The merit of a chronobiologic approach has been illustrated in two different outcome studies. This approach relies on the estimation of the circadian amplitude and acrophase of BP, based on fitting a model consisting of cosine curves with periods of 24 and 12 hours to the data to approximate the non-sinusoidal circadian waveform of BP. In one study [15, 16], 297 normotensive and treated hypertensive men and women free of any cardiovascular problem contributed a 48-hour ABPM record before being followed-up at 6-month intervals for 6 years, during which time 39 adverse events (coronary artery disease, cerebral ischemic event, nephropathy, and/or retinopathy) were recorded. Whereas the relative risk of adverse cardiovascular event associated with non-dipping was not statistically significant, that associated with an excessive circadian amplitude of BP (one of the VVDs) was: the relative risk [95% CI] was 3.253 [1.798 - 5.888] for SBP and 4.274 [2.431 - 7.517] for DBP
In another study, the left ventricular mass index (LVMI), considered as a proxy outcome measure, was determined for 1,179 untreated patients who each contributed a 24-hour ABPM. In this study, based on DBP, there was no difference in LVMI between dippers and non-dippers. LVMI was only slightly elevated in reverse dippers and in extreme dippers, but the difference only barely reached statistical significance for women (P=0.043), but not for men (P=0.664), or overall (P=0.186) [17]. By contrast, both an excessive circadian amplitude and an odd timing of the circadian acrophase of DBP (two VVDs) were associated with a much larger elevation in LVMI, which was statistically significant for both men (P=0.011) and women (P<0.001), as well as overall (P<0.001) [17]. The better performance of the chronobiologic approach as compared to a classification in terms of dipping stemmed largely from the fact that VVDs were more specific than the DNR.

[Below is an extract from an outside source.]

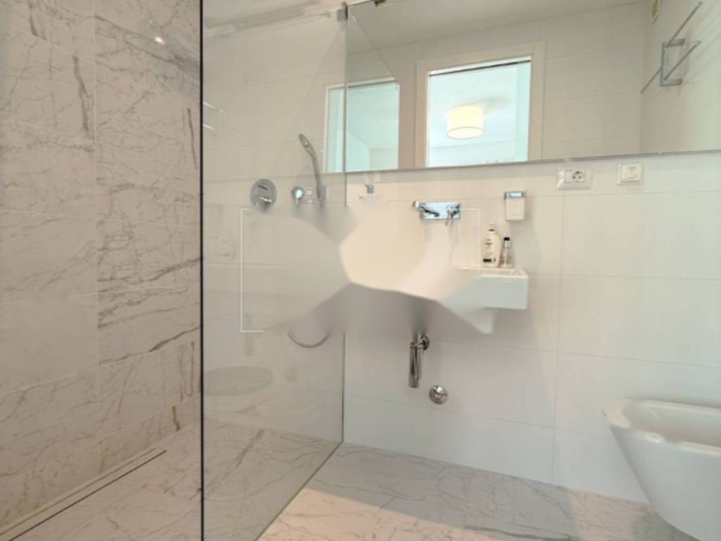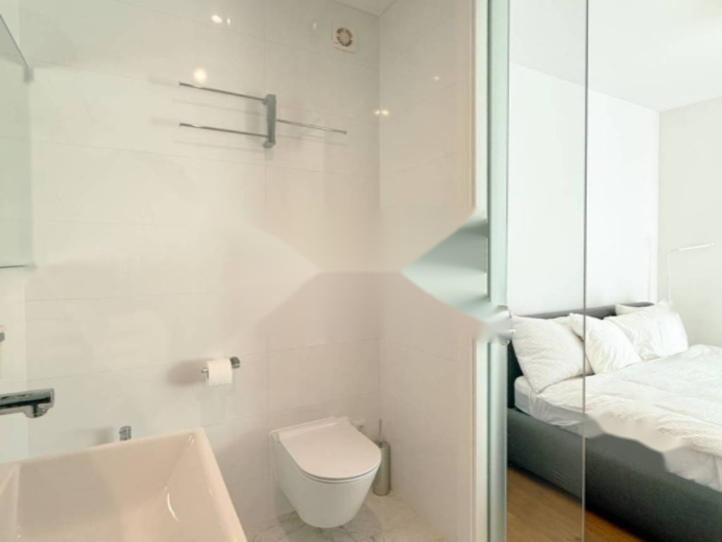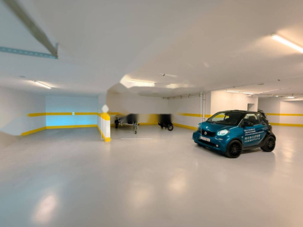 Квартира располагает двумя парковочными местами: одно в подземной гаражной зоне, другое — на околице здания. Лифт обеспечивает непосредственный доступ от гаража до квартиры, что обеспечивает комфортное проживание. Здание с бассейном, в которой всего восемь квартир, превышает ожидания по уровню уединения и эксклюзивности.

In view of the large day-to-day variability in the circadian BP pattern, it would be ideal if BP could be automatically monitored around the clock longitudinally and data analyzed as-one-goes [18]. While BP monitors using an arm cuff are generally not well tolerated for long-term use, recent advances in technology and wireless communication may soon make continuous monitoring possible. Miniaturized sensors communicating with wearables such as watches and smart phones are increasingly being used for self-surveillance by ordinary citizens interested in their own health and performance. Wrist devices available for home BP monitoring could be made ambulatory but would need to incorporate a correction for position [19]. Devices based on the analysis of the BP waveform also require calibration. Photo-plethysmography has recently been used to measure BP on the wrist [20], but the accuracy of devices based on this technique remains questionable. As algorithms and technology further improve, it may soon be possible to measure BP effortlessly and to derive information about the heart's function itself [21]. This represents a unique opportunity to integrate chronobiological methods and concepts into these evolving systems to make sure that massive data collection does not happen at the expense of quality data analyses.
References
l.Gubin DG, Cornelissen G. Factors that must be considered while solving the problem of adequate control of blood pressure. Journal of Chronomedicine. In press.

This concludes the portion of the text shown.